Nie nacisnę tego guzika…



Nie nacisnę tego guzika, prędzej



zemdleję albo wpadnę pod biurko. Ani mnie to wideo ciągnie, ani mam naturę gwiazdy. No i po co mi to?


Lepiej wrócę pod koc.

Jest upał? Co z tego… opatulam się w wyciszenie i spokój.

Bo lato 2018 jest trudne. Strata z początku roku boli, choć serce kołacze, żeby wstać i cieszyć się słońcem na nowo.


Dlatego, wbrew własnym mięśniom wstaję.

Odpalam komputer i bez wiedzy technicznej, prawie z zamkniętymi oczami naciskam „Start”.

Dzięki czemu natychmiast wchodzę na wizję debiutanckiej transmisji na żywo. Czym


zaliczam pierwszy dzień wyzwania „30 wideo w 30 dni” w grupie entuzjastów opowieści.

Kiepsko mnie tam widać i słychać. Bo gardło ściśnięte. Kamera słaba, a światło padające zza pleców daje cień.

Jednak, jestem już po drugiej stronie mocy. I zaczynam przygodę, w której buduję siebie na nowo.

Łatwo nie jest. Za to prowadząca i drużyna robią swoje.


Zawiązuje się między nami współbrzmienie, dzięki któremu działamy, pomimo słabszych chwil.

I wyraźnie widać, jak każdego dnia robimy postępy.

Ja też, nawet, jeśli jako pedagog przez wiele lat unikałam szumu medialnego.


A po zakończeniu wyzwania organizuję sobie osobiste, gdzie, co rano wysyłam nagrania do bliskich.

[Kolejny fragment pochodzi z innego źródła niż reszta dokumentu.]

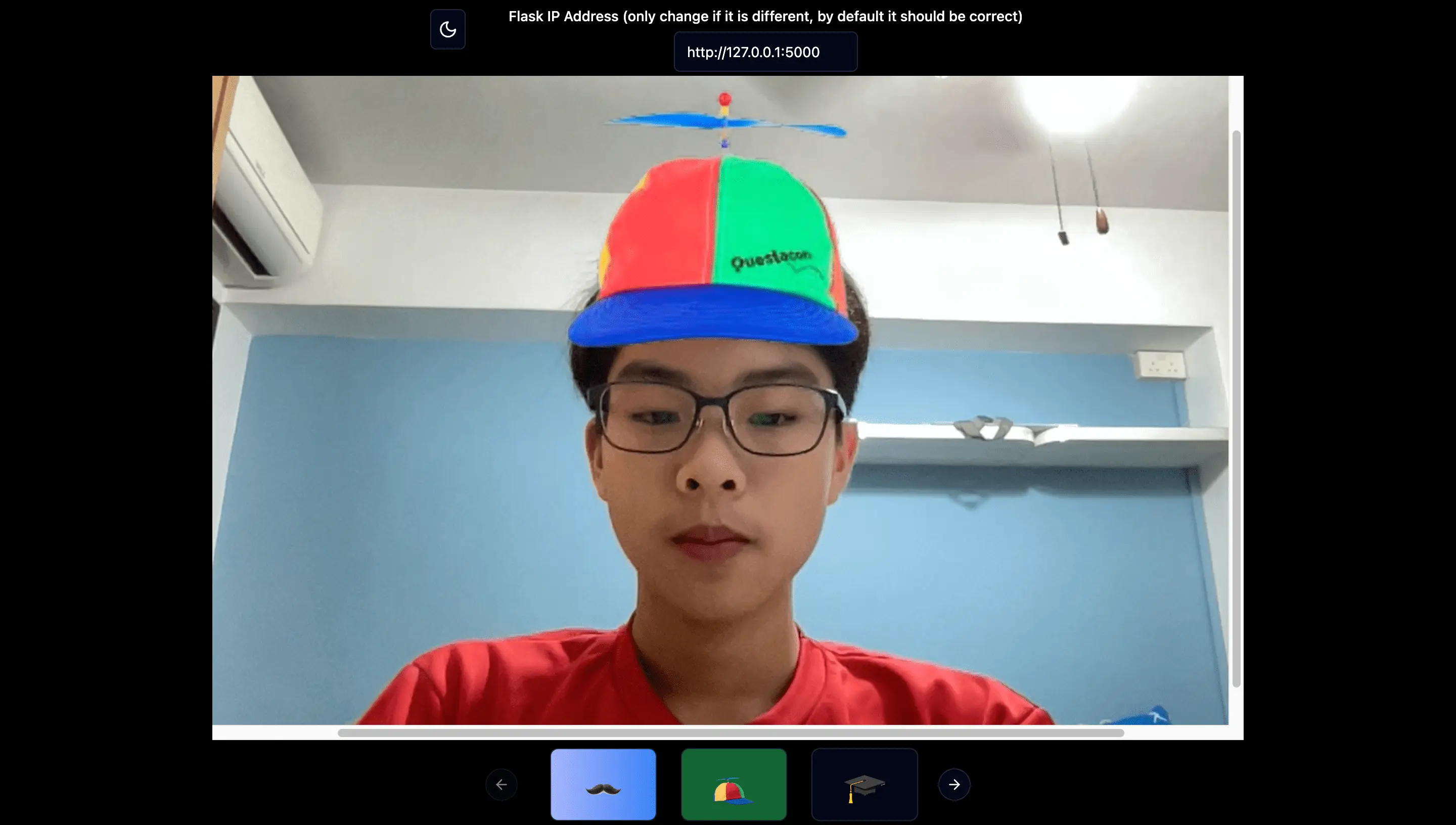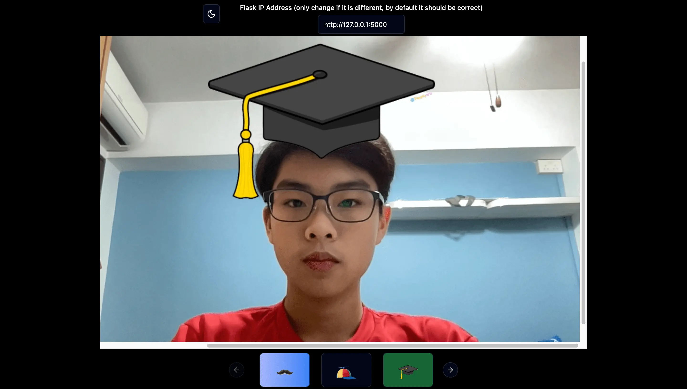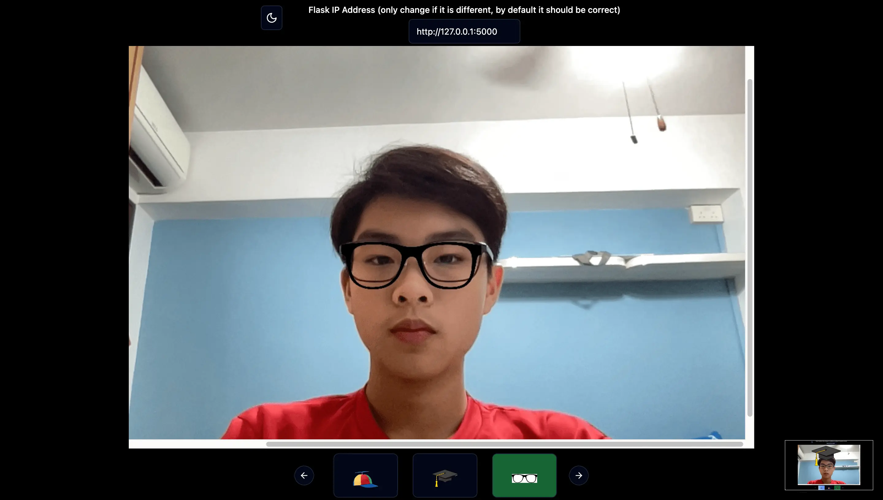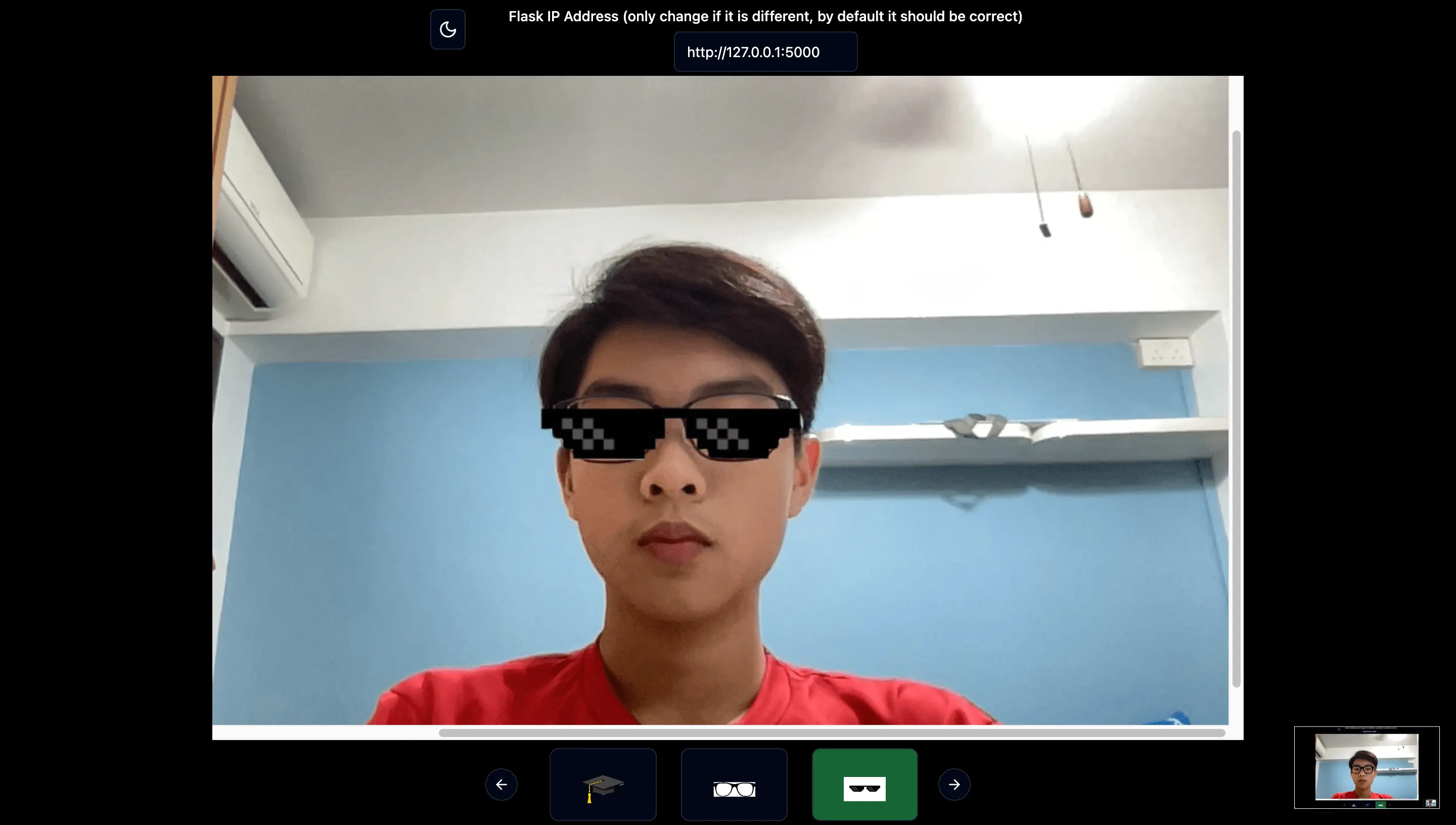 Face Filter is a web app that allows users to apply filters to their faces in real-time. It uses OpenCV to detect faces and apply filters to them. The user can also change the size of the filter by pinching and dragging their fingers up and down, a feature that has never been implemented before. Check out the "Demonstration" section on the GitHub for a video demonstration. The app is built with Vite and Flask.

I tak, krok za krokiem w rytm naturalnego tańca pomiędzy zgodą i sprzeciwem dla fleszy ścięgno moich wystąpień publicznych nabiera lekkości, swobody i pewności siebie.

I na to w marcu 2020 roku spada na mnie wizja końca marzeń. Bo ogólnoświatowe obostrzenia związane z pracą osuwają mi bezpieczny grunt pod stopami.


I, aby przetrwać, jako firma, palcami na klawiaturze muszę przebierać zwinniej i szybciej, niż do tej pory.

Dlatego, miesiąc później trafiam do grupy marketingowców, gdzie za zgodą Administratora zapraszam do koleżeńskiego zespołu tych, którym z kamerą jest pod górkę.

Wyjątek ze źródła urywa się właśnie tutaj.